At the cellular level, diabetic macrophages are locked in a pro-inflammatory M1 state, failing to transition to pro-resolving M2 phenotypes during the proliferative phase. Fibroblasts show impaired proliferation, reduced collagen synthesis, and attenuated contractility under high-glucose conditions, while keratinocyte migration is blunted by reduced galectin-7 secondary to elevated O-GlcNAcylation. Angiogenesis is compromised through AR-mediated suppression of RUNX2, a key transcriptional regulator of vascular repair. Diabetic peripheral neuropathy and peripheral artery disease compound these cellular failures by eliminating protective sensation and reducing tissue perfusion, creating the permissive environment for ulceration.
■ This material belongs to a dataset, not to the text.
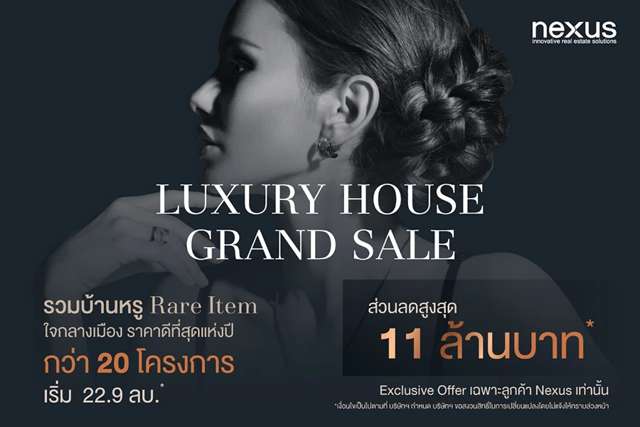 ปัจจุบันบ้านหรูใจกลางเมืองได้รับความสนใจจากกลุ่มลูกค้าเป็นอย่างมาก ยิ่งเมื่อเทียบราคาต่อตารางเมตรออกมาแล้ว ดูยังไงก็เป็นการลงทุนที่คุ้มค่ากว่าซื้อคอนโดระดับ Super Luxury ในทำเลเดียวกัน ดังนั้น วันนี้ เน็กซัส พรอพเพอร์ตี้ มาร์เก็ตติ้ง จึงได้รวบรวมบ้านหรู Rare Item มาไว้ในแคมเปญ "Luxury House Grand Sale" ซึ่งแน่นอนว่าได้ผ่านการคัดสรรมาแล้วว่าเต็มไปด้วยความคุ้มค่า ไม่ว่าจะเป็นด้านทำเล วัสดุ ฟังก์ชั่น ราคา หรือแม้แต่โปรโมชั่นแรงกล้า ที่ไม่ได้มีมาให้เห็นกันบ่อยๆ ในระดับบ้านซูเปอร์ลักชัวรี่ทำเลใจกลางเมืองแบบนี้ โดยมั่นใจว่าจะตอบโจทย์ทั้งผู้ซื้อ และนักลงทุนได้เป็นอย่างดี จะปักหมุดทำเลไหนกันบ้าง ตามไปดูกัน

The review critically evaluates animal models, noting that current STZ-induced rodent and db/db mouse models fail to replicate human DFU complexity, particularly the neuropathic and vascular comorbidity burden. Among emerging therapies, mesenchymal stem cell-derived exosomes receive extensive attention for their ability to modulate macrophage polarization and deliver pro-angiogenic cargo. Bioengineered skin substitutes, growth factor delivery systems, gene therapy targeting HIF-1α and VEGF, and antimicrobial photodynamic therapy are highlighted as promising translational candidates. The authors note that validating these interventions in models that better recapitulate human DFU biology is the critical next step toward reducing amputations and mortality at scale.
Key Findings
- 19–34% of the global 536 million diabetes patients will develop a diabetic foot ulcer during their lifetime, with ~18.6 million cases annually
- Infected DFUs carry a 17% limb amputation rate and 15% mortality within 1 year; recurrence is ~40% at 1 year and 65% within 5 years of healing
- Annual per-patient DFU management costs exceed $35,000; patients with diabetic peripheral neuropathy (DFU precursor) incur ~30% higher medication expenses
- HK-2 gains aberrant stability under hyperglycemia, displacing from mitochondria and driving ROS overproduction — and has been validated as a hub mitophagy-related diagnostic gene in DFUs
- O-GlcNAcylation of AKT phosphorylation sites under hyperglycemia directly blocks insulin signaling; preclinical OGT inhibition accelerated wound closure
- AR activation by hyperglycemia suppresses RUNX2 transcription factor activity, impairing angiogenesis essential for wound repair; AR-targeted therapies improved healing in preclinical models
- A meta-analysis cited in the review estimated 53.2% of diabetes patients have feet at risk of ulceration, underscoring the scale of the preventable burden
Methodology
This is a comprehensive narrative and mechanistic review article, not a primary clinical trial. Literature was identified via PubMed using terms including 'diabetic foot ulcer,' 'wound healing,' 'neuropathy,' 'macrophage,' 'fibroblast,' 'exosome,' and 'skin substitute,' with emphasis on publications from the past five years. No statistical analysis, control groups, or primary data collection were performed. The review encompasses five figures and one table synthesizing metabolic pathways, cellular dysfunction, animal models, and therapeutic strategies.
Study Limitations
As a narrative review, this paper is subject to selection bias in the literature cited and does not include a systematic search protocol or PRISMA methodology. The authors explicitly acknowledge that current animal models — including STZ-induced and db/db rodent models — inadequately replicate the full neuropathic and vascular complexity of human DFUs, limiting the translational validity of preclinical findings reviewed. No conflicts of interest were declared; funding came from the National Natural Science Foundation of China and the Natural Science Foundation of Shanghai.